• _EXERCISE REQUIREMENTS_: Would you retype exactly the lines below, starting with the one that has "In poiana cu" and going on through the one that has "HGST 500GB Travelstar", with no pictures and nothing else?

• _MATERIAL PROVIDED_:
::::::::::

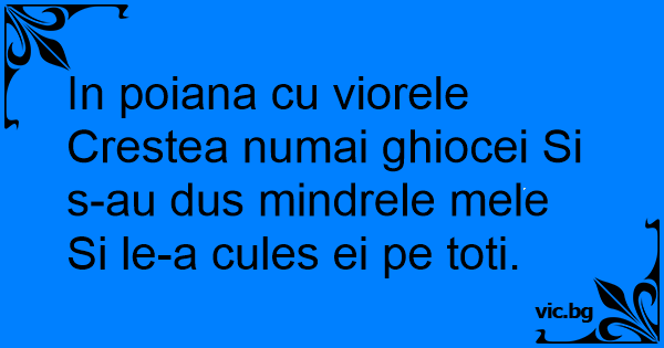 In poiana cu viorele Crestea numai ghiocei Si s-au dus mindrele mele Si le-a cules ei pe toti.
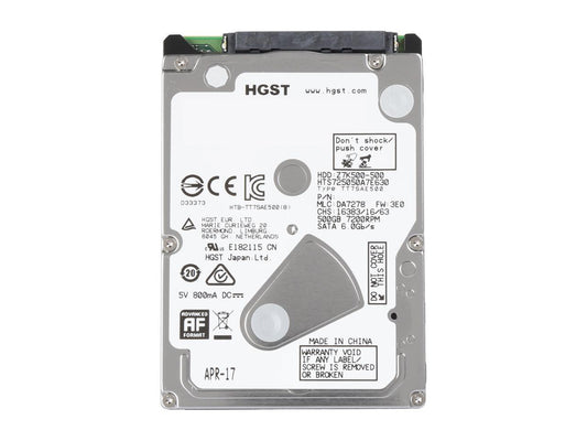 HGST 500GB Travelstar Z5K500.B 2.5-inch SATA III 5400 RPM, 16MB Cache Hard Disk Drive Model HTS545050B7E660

::::::::::

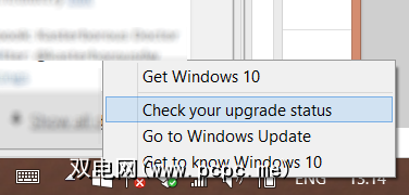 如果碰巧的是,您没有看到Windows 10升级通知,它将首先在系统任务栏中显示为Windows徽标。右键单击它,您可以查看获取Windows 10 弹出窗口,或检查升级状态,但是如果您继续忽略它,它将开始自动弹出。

::::::::::

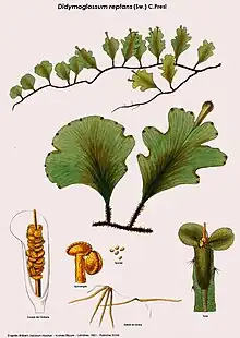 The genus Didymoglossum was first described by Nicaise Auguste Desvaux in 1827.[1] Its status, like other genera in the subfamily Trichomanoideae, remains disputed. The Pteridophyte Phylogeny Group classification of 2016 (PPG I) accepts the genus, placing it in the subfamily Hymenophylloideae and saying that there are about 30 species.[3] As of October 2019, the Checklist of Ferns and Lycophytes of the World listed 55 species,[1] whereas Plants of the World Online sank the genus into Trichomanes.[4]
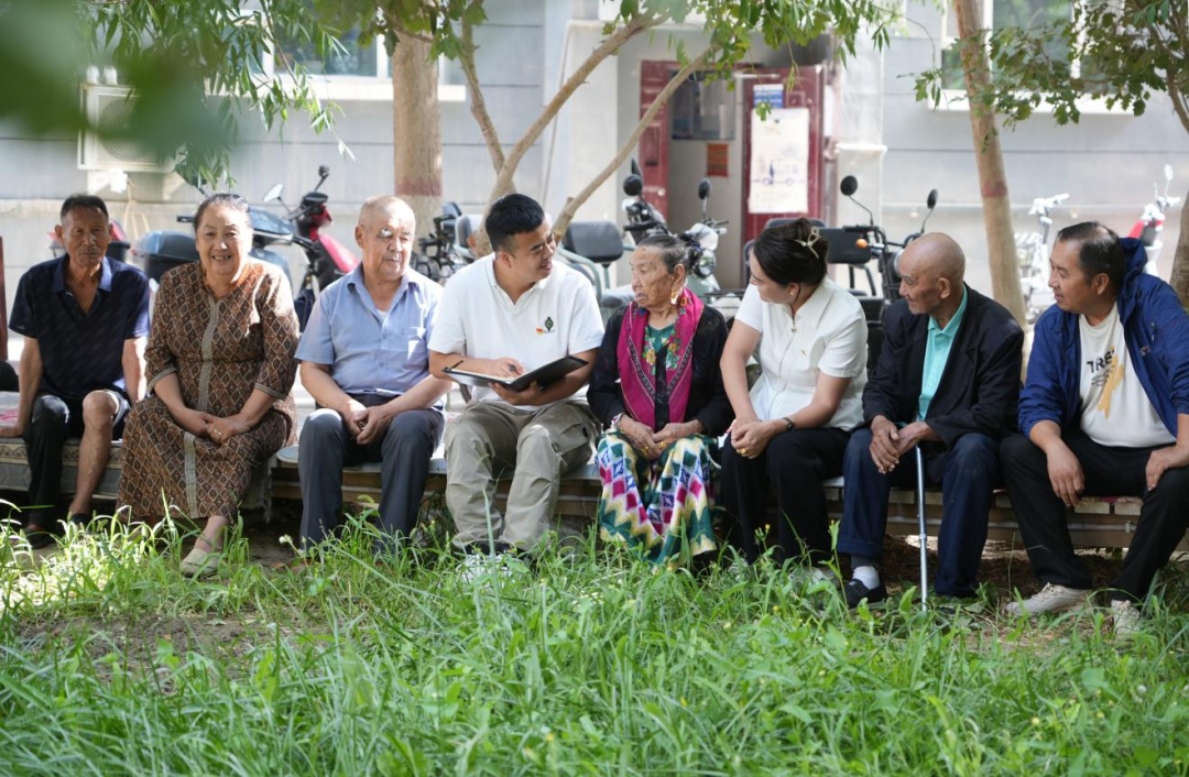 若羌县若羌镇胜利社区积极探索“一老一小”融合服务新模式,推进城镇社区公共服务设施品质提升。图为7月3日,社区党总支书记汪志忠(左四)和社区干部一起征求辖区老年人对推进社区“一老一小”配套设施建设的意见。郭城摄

::::::::::

• _ANSWER TO THIS EXERCISE_:
 In poiana cu viorele Crestea numai ghiocei Si s-au dus mindrele mele Si le-a cules ei pe toti.
 HGST 500GB Travelstar Z5K500.B 2.5-inch SATA III 5400 RPM, 16MB Cache Hard Disk Drive Model HTS545050B7E660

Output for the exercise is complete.